The expected answer holds every line from the first line of the data below through the line containing "Футболка со стразами (серая)", exactly as written, and no other line.

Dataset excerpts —
____________
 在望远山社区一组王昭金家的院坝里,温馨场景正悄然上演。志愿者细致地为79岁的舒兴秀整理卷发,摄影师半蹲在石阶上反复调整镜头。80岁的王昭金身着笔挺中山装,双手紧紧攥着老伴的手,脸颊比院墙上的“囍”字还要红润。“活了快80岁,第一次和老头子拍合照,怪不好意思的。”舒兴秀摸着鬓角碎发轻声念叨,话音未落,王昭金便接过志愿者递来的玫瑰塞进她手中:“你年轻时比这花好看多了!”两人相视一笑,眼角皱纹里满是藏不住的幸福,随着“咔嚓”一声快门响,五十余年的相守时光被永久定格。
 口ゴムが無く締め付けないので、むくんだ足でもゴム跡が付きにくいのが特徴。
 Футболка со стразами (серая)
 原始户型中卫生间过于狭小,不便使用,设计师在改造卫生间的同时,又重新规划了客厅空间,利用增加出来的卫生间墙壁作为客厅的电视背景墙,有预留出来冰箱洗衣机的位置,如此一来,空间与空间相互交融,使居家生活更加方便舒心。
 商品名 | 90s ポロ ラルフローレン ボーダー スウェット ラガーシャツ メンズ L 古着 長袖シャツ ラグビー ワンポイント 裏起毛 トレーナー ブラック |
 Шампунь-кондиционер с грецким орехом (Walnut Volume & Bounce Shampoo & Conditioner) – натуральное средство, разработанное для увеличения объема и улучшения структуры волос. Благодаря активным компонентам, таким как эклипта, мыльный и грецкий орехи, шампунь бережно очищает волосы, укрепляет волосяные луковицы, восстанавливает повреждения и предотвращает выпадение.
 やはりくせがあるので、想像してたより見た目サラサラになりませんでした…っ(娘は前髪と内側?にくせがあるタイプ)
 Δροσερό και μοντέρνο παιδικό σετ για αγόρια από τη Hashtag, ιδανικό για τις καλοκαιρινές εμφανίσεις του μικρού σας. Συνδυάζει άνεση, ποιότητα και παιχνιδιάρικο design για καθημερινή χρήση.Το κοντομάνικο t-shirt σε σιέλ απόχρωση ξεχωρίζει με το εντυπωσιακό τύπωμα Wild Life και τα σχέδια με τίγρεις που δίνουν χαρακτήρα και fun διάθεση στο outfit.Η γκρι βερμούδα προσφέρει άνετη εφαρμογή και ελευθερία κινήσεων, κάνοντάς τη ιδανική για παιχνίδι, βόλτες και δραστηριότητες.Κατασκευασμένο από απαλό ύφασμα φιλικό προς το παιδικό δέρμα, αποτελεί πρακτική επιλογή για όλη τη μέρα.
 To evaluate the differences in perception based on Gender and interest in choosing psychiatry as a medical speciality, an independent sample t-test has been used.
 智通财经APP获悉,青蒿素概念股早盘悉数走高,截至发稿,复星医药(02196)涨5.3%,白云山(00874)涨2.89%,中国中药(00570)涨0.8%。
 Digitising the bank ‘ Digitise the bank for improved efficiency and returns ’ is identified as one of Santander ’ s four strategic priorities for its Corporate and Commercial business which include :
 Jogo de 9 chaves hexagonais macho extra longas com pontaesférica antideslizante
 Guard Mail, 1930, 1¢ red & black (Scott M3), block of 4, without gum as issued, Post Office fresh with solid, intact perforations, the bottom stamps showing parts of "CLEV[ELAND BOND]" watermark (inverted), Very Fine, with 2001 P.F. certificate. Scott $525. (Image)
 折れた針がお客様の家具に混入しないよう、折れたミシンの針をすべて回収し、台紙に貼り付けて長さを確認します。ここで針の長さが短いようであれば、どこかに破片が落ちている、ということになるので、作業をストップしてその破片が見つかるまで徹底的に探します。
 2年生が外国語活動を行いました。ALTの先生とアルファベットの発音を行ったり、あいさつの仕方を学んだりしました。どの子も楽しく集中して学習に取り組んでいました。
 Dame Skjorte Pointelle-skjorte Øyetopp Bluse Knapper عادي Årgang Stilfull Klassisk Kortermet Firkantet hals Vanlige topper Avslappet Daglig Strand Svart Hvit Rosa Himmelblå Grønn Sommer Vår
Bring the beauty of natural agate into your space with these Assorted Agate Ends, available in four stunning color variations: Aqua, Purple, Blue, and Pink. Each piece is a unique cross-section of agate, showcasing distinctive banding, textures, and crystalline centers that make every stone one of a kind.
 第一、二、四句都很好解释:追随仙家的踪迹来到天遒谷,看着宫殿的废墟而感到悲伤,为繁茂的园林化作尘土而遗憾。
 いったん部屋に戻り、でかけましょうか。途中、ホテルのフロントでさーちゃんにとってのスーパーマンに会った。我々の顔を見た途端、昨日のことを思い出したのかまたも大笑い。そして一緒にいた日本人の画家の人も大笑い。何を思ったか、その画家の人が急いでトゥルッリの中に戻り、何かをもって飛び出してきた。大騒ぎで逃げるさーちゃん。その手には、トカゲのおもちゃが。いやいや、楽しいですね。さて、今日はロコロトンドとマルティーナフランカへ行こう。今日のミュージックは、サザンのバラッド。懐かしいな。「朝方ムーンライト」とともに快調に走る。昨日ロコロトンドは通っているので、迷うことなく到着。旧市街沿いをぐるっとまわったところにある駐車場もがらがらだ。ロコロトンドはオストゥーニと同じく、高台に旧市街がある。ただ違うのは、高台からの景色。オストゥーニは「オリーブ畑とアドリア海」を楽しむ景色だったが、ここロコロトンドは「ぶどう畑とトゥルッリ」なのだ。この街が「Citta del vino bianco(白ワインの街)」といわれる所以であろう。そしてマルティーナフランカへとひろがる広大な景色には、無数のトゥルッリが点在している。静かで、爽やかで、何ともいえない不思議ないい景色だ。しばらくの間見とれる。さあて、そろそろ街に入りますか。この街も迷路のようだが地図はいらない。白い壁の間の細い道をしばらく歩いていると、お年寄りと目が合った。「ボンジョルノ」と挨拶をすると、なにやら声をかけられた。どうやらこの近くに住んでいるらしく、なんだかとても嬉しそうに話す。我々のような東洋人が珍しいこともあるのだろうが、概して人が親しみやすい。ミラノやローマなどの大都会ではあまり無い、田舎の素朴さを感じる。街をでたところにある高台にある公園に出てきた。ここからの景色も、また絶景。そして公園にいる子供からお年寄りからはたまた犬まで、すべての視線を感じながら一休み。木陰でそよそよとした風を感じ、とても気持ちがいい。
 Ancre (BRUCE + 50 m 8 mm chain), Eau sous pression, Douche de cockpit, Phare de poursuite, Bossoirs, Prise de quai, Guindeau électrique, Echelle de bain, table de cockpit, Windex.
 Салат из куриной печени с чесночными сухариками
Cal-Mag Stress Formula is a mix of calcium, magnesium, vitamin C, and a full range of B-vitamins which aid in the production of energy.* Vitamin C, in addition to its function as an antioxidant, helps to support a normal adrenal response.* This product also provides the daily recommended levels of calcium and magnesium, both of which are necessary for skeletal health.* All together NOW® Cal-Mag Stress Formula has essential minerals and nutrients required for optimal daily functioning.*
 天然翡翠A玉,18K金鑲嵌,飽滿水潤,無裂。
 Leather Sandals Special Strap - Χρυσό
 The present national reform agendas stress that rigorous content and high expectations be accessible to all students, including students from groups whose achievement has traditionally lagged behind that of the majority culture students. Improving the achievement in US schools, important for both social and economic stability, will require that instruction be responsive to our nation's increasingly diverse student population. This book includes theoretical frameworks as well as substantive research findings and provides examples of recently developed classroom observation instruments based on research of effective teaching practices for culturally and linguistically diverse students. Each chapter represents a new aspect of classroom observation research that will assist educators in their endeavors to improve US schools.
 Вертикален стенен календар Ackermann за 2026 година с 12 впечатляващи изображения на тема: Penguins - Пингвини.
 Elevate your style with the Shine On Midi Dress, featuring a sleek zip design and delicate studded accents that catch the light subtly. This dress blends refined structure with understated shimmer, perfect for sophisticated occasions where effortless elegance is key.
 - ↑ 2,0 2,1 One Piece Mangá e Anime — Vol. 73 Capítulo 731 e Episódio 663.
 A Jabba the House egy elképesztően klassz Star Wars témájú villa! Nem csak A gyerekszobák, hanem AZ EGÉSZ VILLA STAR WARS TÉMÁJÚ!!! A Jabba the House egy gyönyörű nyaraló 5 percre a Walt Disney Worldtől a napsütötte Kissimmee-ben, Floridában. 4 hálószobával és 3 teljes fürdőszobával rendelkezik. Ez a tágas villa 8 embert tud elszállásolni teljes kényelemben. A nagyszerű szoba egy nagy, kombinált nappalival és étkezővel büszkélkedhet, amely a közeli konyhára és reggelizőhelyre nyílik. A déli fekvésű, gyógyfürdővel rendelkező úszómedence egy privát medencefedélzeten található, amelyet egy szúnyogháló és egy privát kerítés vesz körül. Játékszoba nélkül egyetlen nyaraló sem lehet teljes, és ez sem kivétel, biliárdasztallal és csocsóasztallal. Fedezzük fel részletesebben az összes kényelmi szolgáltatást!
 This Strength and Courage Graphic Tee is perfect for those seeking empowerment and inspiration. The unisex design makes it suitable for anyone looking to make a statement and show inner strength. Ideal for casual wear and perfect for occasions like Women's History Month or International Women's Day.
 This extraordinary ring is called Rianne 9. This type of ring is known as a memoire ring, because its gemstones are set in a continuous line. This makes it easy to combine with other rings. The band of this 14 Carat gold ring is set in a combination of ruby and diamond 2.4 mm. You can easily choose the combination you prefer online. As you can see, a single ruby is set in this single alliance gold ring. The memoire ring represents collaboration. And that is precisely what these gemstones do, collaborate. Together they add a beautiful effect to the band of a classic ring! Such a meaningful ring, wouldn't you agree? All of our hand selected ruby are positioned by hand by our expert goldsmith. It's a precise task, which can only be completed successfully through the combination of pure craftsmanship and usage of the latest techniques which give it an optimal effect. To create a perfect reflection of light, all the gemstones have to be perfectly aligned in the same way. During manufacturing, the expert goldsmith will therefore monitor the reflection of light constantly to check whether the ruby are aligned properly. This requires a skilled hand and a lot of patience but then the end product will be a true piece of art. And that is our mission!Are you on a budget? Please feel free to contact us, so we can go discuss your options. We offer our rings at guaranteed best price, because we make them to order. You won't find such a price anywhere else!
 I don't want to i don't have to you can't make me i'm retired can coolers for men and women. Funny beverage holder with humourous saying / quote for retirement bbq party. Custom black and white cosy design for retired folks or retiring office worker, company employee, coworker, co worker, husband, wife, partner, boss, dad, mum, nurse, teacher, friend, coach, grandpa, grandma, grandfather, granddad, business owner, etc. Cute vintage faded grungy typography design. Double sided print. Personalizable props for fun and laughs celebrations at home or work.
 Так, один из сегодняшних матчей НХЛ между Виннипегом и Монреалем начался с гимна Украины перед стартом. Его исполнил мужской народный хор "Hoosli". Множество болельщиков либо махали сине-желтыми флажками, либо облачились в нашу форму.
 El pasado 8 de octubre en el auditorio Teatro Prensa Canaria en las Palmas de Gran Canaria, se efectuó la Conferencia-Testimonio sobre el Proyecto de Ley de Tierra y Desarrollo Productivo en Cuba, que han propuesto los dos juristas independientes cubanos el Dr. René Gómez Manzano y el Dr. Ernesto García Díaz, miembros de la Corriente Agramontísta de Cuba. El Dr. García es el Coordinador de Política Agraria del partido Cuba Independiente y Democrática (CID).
____________
TASK RESULT —
 在望远山社区一组王昭金家的院坝里,温馨场景正悄然上演。志愿者细致地为79岁的舒兴秀整理卷发,摄影师半蹲在石阶上反复调整镜头。80岁的王昭金身着笔挺中山装,双手紧紧攥着老伴的手,脸颊比院墙上的“囍”字还要红润。“活了快80岁,第一次和老头子拍合照,怪不好意思的。”舒兴秀摸着鬓角碎发轻声念叨,话音未落,王昭金便接过志愿者递来的玫瑰塞进她手中:“你年轻时比这花好看多了!”两人相视一笑,眼角皱纹里满是藏不住的幸福,随着“咔嚓”一声快门响,五十余年的相守时光被永久定格。
 口ゴムが無く締め付けないので、むくんだ足でもゴム跡が付きにくいのが特徴。
 Футболка со стразами (серая)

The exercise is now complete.